Regarding pointing a new Zero to non-leader nodes, this is what I see in the follower node logs - it doesn’t seem like it will route to the leader:
I1109 19:52:04.436885 9335 pool.go:162] CONNECTING to 202.25.0.53:5080
I1109 19:55:41.980440 9335 log.go:34] 2 not forwarding to leader 1 at term 2; dropping proposal
But if I point the new Zero instance directly to the leader, it will join the cluster without a problem.
The instances are launching from an auto-scaling group, so all configured identically.
Also, what would it take for the “amDead” property to get set to true? When I kill a dgraph zero process, it doesn’t seem to force that flag to change.
Thanks for sharing the logs. It looks like what’s happening here is that this new Zero came up and, as expected, is replaying the write-ahead log and applying the updates as seen by its peers. This includes the conf changes (aka Setting conf state to ... logs) for the previous membership states up to the latest one. This triggers the new instance to attempt to connect to past members during the WAL replay.

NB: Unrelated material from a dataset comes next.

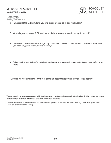 These questions are interspersed with the business questions above and not asked rapid fire but rather, con- versationally. Practice. And then practice. And then practice.
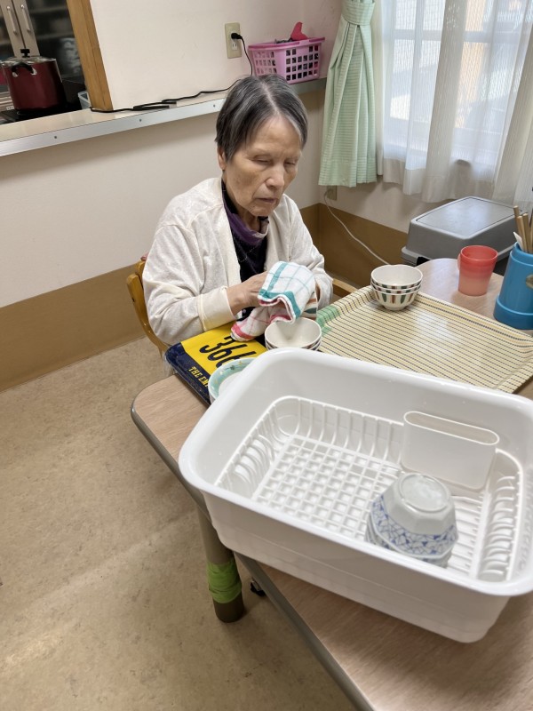 できる部分での色々なお手伝いを通して、日常生活場面においてご自分の役割を持てるよう支援しています。

The /state output you shared looks right (3 members with 2 removed). So, all in all, things look as they should be.
counter has nothing to do with the number of members in the cluster. It’s an book-keeping value. It tracking the Raft index of the latest updates.
I see what you mean. amDead is a field used in the proposal when removing a node. I don’t see it reflected in the /state info currently.
Ah, I see what you mean. Looks like you’re right about this. You’ll need to point the --peer config to the leader node.